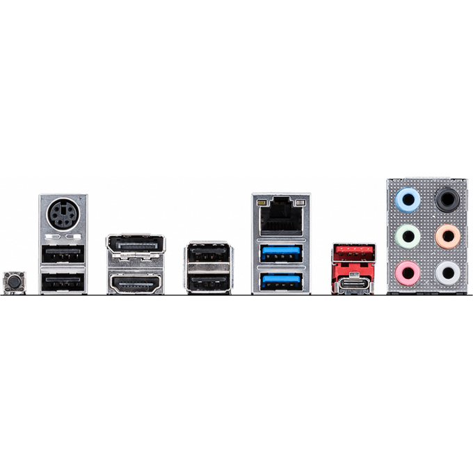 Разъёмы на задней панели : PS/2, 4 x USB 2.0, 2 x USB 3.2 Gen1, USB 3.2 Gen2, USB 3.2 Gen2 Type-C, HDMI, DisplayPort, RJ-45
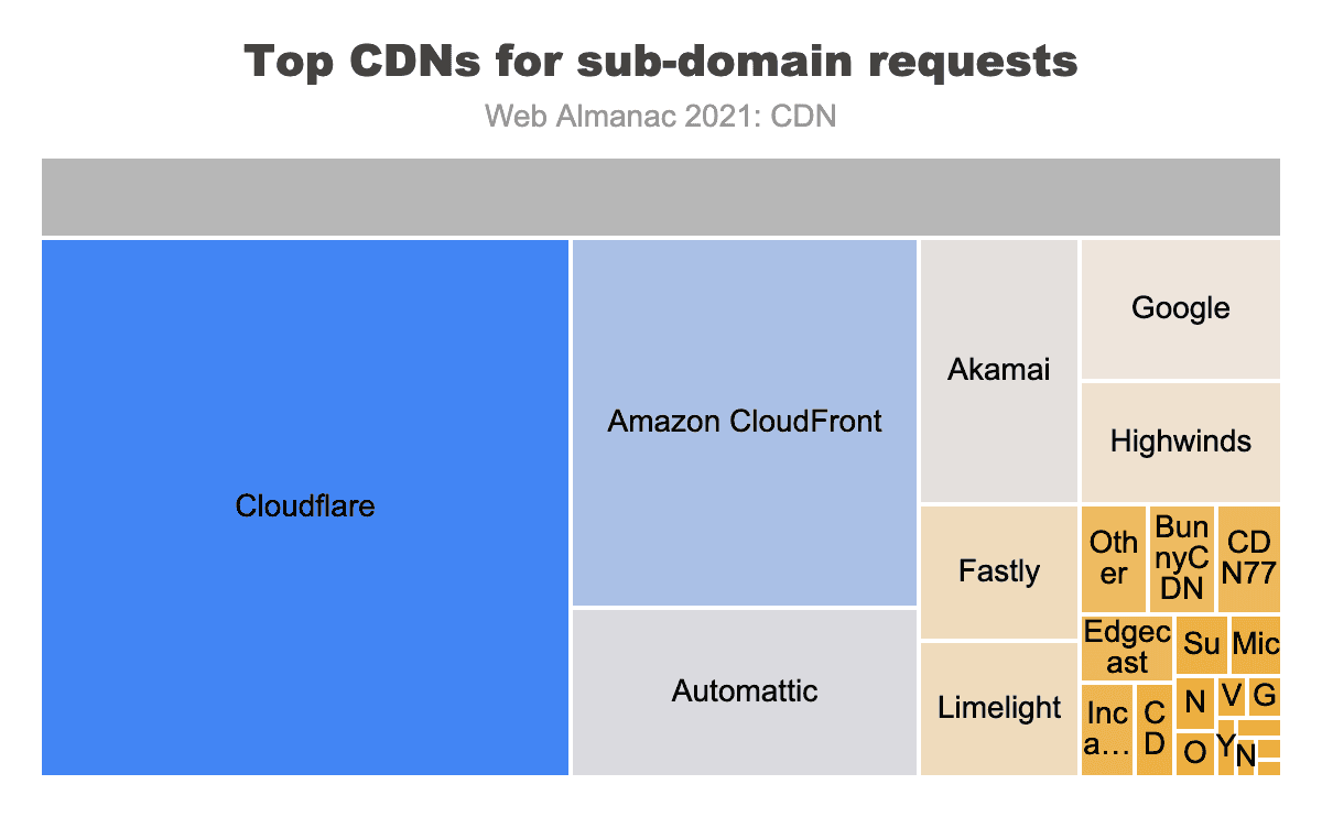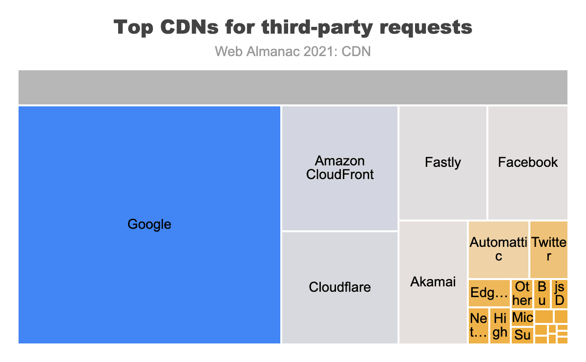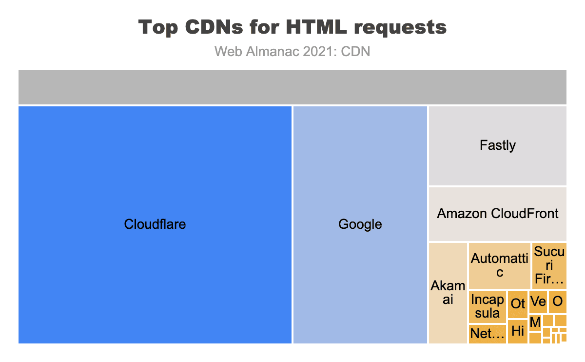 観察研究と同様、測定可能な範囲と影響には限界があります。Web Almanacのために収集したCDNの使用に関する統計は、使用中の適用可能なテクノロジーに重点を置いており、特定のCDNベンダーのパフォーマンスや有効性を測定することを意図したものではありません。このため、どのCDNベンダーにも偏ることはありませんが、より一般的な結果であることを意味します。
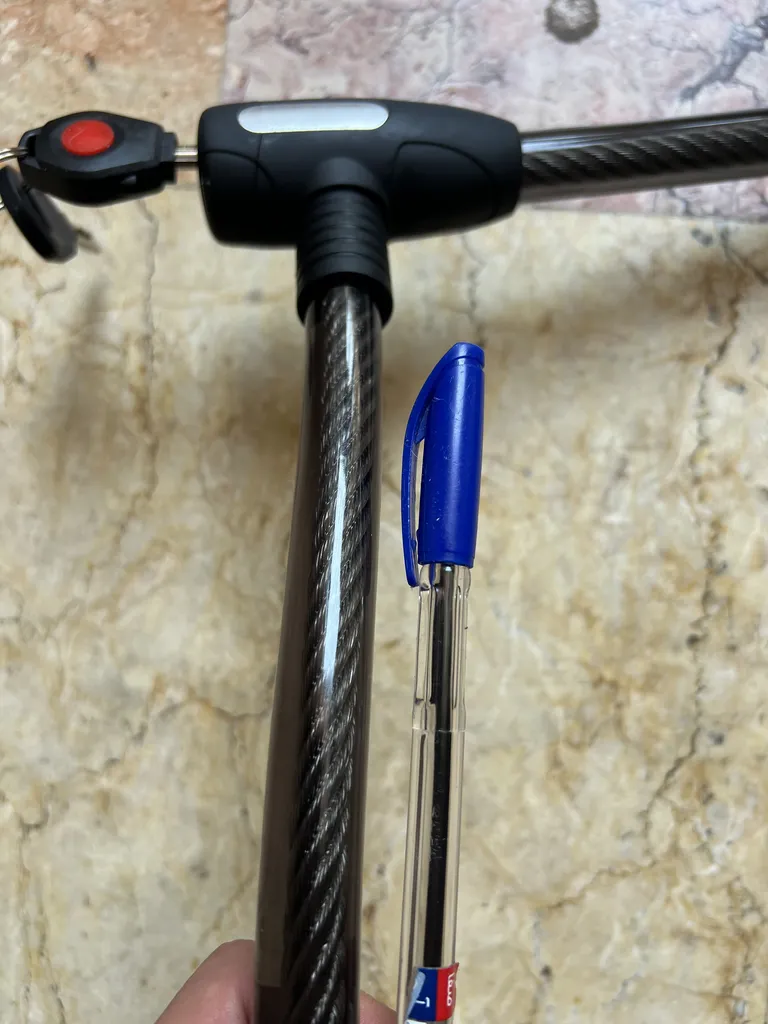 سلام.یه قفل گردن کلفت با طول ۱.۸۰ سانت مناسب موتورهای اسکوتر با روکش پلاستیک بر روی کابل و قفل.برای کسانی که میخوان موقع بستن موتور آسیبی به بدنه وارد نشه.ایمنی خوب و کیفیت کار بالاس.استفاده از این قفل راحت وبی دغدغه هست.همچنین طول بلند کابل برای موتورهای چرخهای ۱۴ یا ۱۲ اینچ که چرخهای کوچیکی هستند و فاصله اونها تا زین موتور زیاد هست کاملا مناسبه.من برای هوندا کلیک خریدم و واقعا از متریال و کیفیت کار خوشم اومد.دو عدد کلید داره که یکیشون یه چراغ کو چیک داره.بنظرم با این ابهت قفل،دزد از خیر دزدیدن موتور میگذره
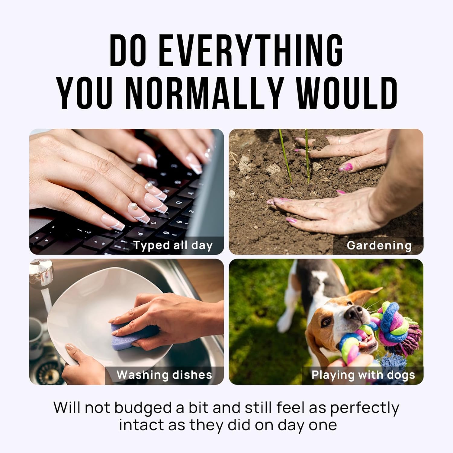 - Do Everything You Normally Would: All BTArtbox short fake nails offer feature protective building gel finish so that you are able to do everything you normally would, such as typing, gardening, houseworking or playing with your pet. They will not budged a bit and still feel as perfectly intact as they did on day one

§ WHAT IS REQUIRED
The copy should run from the first line of the material above through the line with "観察研究と同様、測定可能な範", repeated exactly and without pictures.

§ OUTPUT FOR THIS EXERCISE
 Разъёмы на задней панели : PS/2, 4 x USB 2.0, 2 x USB 3.2 Gen1, USB 3.2 Gen2, USB 3.2 Gen2 Type-C, HDMI, DisplayPort, RJ-45
 観察研究と同様、測定可能な範囲と影響には限界があります。Web Almanacのために収集したCDNの使用に関する統計は、使用中の適用可能なテクノロジーに重点を置いており、特定のCDNベンダーのパフォーマンスや有効性を測定することを意図したものではありません。このため、どのCDNベンダーにも偏ることはありませんが、より一般的な結果であることを意味します。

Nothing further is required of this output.